Cranks are 170mm in length, shorter than usual but 5mm of clearance from the trail below can go a long way at times.

170mm SRAM XO cranks.
170mm SRAM XO cranks.

How Enduro of you.

What’s better, weight on your body or your bike?

Ultimate tool kit, similar in a way to the Specialized SWAT (Storage, Water And Tools) concept of hiding spares in and on the bike.
Like a saddle bag but far less noisy, a tube zip-tied loosely to the saddle rails.
Like a saddle bag but far less noisy, a tube zip-tied loosely to the saddle rails.
The Syncros kit slides out from underneath the bottle cage; it’s a tight fit and a bit of a struggle to get to but at least it’s always there.

Carrying spares and water on the bike instead of on the body is a good thing for a few reasons, we find taking weight off your back helps you move around easier, but more importantly you don’t forget it if it’s always there. We carry a tube zip-tied under the seat, and the nifty Syncros Matchbox Tailor Cage HV 1.5 combines a bottle cage, pump and multi-tool kit in one.

We’ve been carrying the new mountain bike tubeless specific Dynaplug Micro around with us lately, and so far it’s saved us from having to perform the messy job of fitting a tube on the trail when a puncture occurs. The plug system has successfully sealed three punctures without a hiccup, and so we don’t leave home without it we’ taped it to the bottom of the bottle cage. Click here to heck out more on that little lifesaver.

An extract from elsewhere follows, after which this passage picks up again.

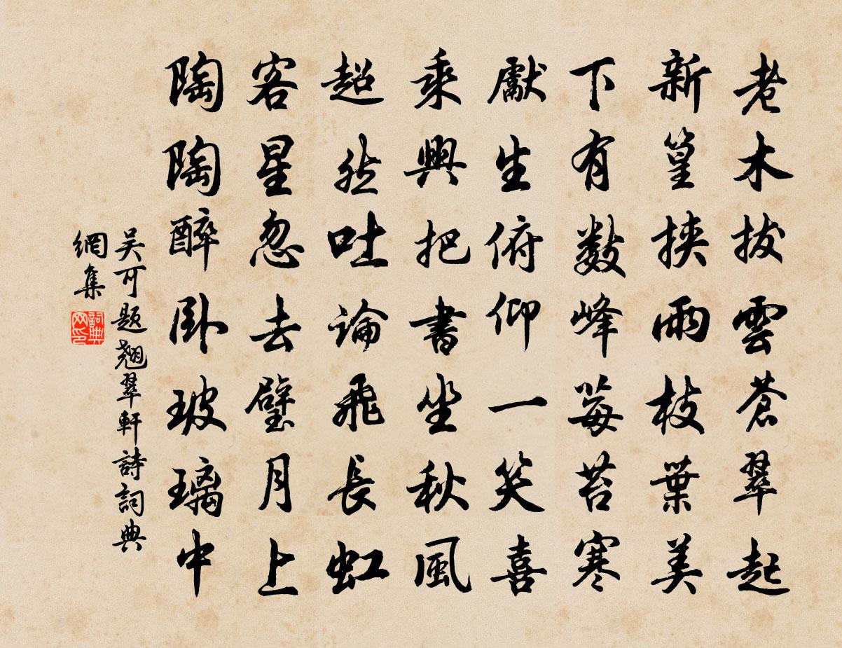 詩詞名句歷史字典書法欣賞書法字典國語詞典說文解字康熙字典古漢語字典標 題 作 者 詩 句 題翹翠軒詩作者:吳可 朝代:宋代題翹翠軒詩原文老木拔雲蒼翠起,新篁挾雨枝葉美。下有數峰莓苔寒,先生俯仰一笑喜。乘興把書坐秋風,超然吐論飛長虹。客星忽去璧月上,陶陶醉臥玻璃中。詩詞問答問:題翹翠軒詩的作者是誰?答:吳可問:題翹翠軒詩寫於哪個朝代?答:宋代吳可題翹翠軒詩書法欣賞題翹翠軒詩書法作品詩詞推薦晉門惠帝周曇〔唐代〕蛙鳴堪笑問官私,更勸飢人食肉糜。蒙昧萬機猶婦女,寇戎安得不紛披。贈徐月道士張簡〔宋代〕病骨癯然鶴一般,相陪夜坐萬松間。乾坤清氣皆歸月,湖海高人半在山。吟苦心從天漢轉,琴清身與嶺雲閒。杯茶次韻清虛喜子瞻得常州黃庭堅〔宋代〕喜色侵淫動搢紳,俞音下報謫仙人。驚回汝水間關夢,乞與江天自在春。罨畫初游冰欲泮,浣花何處月還新。涼州行香子王吉昌〔元代〕震內藏金,金乙成姻。假沖和、雷電交陳。龍吟虎嘯,幽谷澄神。向杳冥中,風雲里,傲全身。煙雨ㄨㄨ,芝草芽文宣王及其弟子贊宋高宗〔宋代〕在昔石邑,能知所尊。懋依有德,克述無言。鼓篋槐市,揚名里門。此道久視,彼美長存。斗南竹林祠歌孫應時〔宋代〕君不漆見唐河諸漆將兵馬回漆,河朔百城門不開。邊烽夜舉天子怒,六龍曉發鳴春雷。金陵玉壘中道惑,澶淵一擲東坡八首蘇軾〔宋代〕良農惜地力,幸此十年荒。桑柘未及成,一麥庶可望。投種未逾月,覆塊已蒼蒼。農父告我言,勿使苗葉昌。君欲和張功父聞子規楊萬里〔宋代〕久雨今朝忽作晴,老人懷抱不勝清。仲宣久作登樓賦,望帝更吟當殿聲。春去春來渾是夢,花開花落若為情。歸心舊作感懷宗澤〔宋代〕關中黃壤黑壤,大是邦家利源。古者畝收十一,誰興歲取十千。不用府無虛月,藏之斯民裕然。沁園春 佳人楊弘道〔元代〕揩汗殘妝,咀梅顰黛,楚腰如束。為蔗漿頻飲,全疏綠蟻,繡床慵傍,閒倚青奴。解慍風來,忘憂花發,庭樹扶疏句王繁〔宋代〕萬山飛不出,守令最相親。偈頌七十六首釋師範〔宋代〕徑山結夏,不論功過。飯來展缽孟,困則伸腳臥。縱有千人萬人,只消一個半個。豈不見流支要打胡達磨。句袁仲素〔宋代〕一松五鳳雛。雜曲歌辭。苦熱行王維〔唐代〕赤日滿天地,火雲成山嶽。草木盡焦卷,川澤皆竭涸。輕紈覺衣重,密樹苦陰薄。莞簟不可近,絺綌再三濯。思出和費君樂游山之什周敦頤〔宋代〕雲樹岩泉景盡奇,登臨深恨訪尋遲。長樓未得於何記,猶有君能雅和詩。冬日放言二十一首張耒〔宋代〕我初謫官時,帝問司酒神。曰此好酒徒,聊給酒養真。去國一千里,齊安酒最醇。失火而遇雨,仰戴天公仁。送洪右史赴召三首喻良能〔宋代〕長公前日辭揆塗,少公今日被鋒車。路人共指拜內相,天子久欲登鴻儒。黃麻端擬似經訓,金蓮不獨榮傳呼。如聞和劉右司見寄六絕一律吳潛〔宋代〕小兒亦解挽公留,知有人閒第一流。老我相思無盡藏,臨風一日幾搔頭。乾藏釋普濟〔宋代〕惡語重重放出門,只圖一個不知恩。二千年事難遮覆,動便隨人腳後跟。中秋日簡同盟諸公廖行之〔宋代〕風囊嘯谷獵塵衫,雨鬣行天駕玉驂。一洗蠻煙渾逐北,全提商令似征南。佳時不負中秋約,雙桂能同一夜談。我亦名句推薦馬嘶經戰地,雕認打圍山。王鎡《塞上曲》 白水明田外,碧峰出山後。王維《新晴野望》 昔日芙蓉花,今成斷根草。李白《妾薄命》 為善則流芳百世,為惡則遺臭萬年。程登吉《幼學瓊林·卷三·人事》 池台竹樹三畝餘,至今人道江家宅。劉禹錫《金陵五題·並序》 時霎清明,載花不過西園路。吳文英《點絳唇·時霎清明》 天命之謂性;率性之謂道子思《中庸·第一章》 失天下也,失其民也;失其民者,失其心也。孟子《孟子·離婁章句上·第九節》 尊賢使能,俊傑在位,則天下之士皆悅而願立於其朝矣。孟子《孟子·公孫丑章句上·第五節》 細草微風岸,危檣獨夜舟。杜甫《旅夜書懷》

A nifty little Dynaplug taped to the bottle cage is always ready for plugging holes in tyres.
A nifty little Dynaplug taped to the bottle cage is always ready for plugging holes in tyres.

Big rubber, wide rims, loads of air.

It’s more than just the big and meaty tyres that gives this bike so much grip, it’s also the whopping 35mm wide carbon rims, custom built by Kiwi brand Wheelworks. You can read all about the Wheelworks wheel building process and just why they feel confident in offering such a warranty here, in our interview with Wheelworks founder Tristan Thomas. We recommend you have a read, as there are some pretty interesting aspects to the process and Tristan does a great job of dispelling some popular myths about wheels.

2.5″ tyres would usually be reserved for downhill bikes, but these with regular EXO casings are just light enough for enduro/all-mountain riding.

Replacing the 23mm wide SRAM wheels wit the 35mm Derby rims was a revelation, the width allowed us to drop tyre pressures to below 20psi and what that did to the bike’s traction was phenomenal.

Have a closer look at these wheels here: Wheel Works Flite Carbon.

WT tyres from Maxxis.
WT tyres from Maxxis.
Maxxis Minion WT tyres, front and back.
Maxxis Minion WT tyres, front and back.

Maxxis have begun making tyres specific for wide rims, the new WT (wide trail) pair of Minions are a perfect match for this bike and its wheels.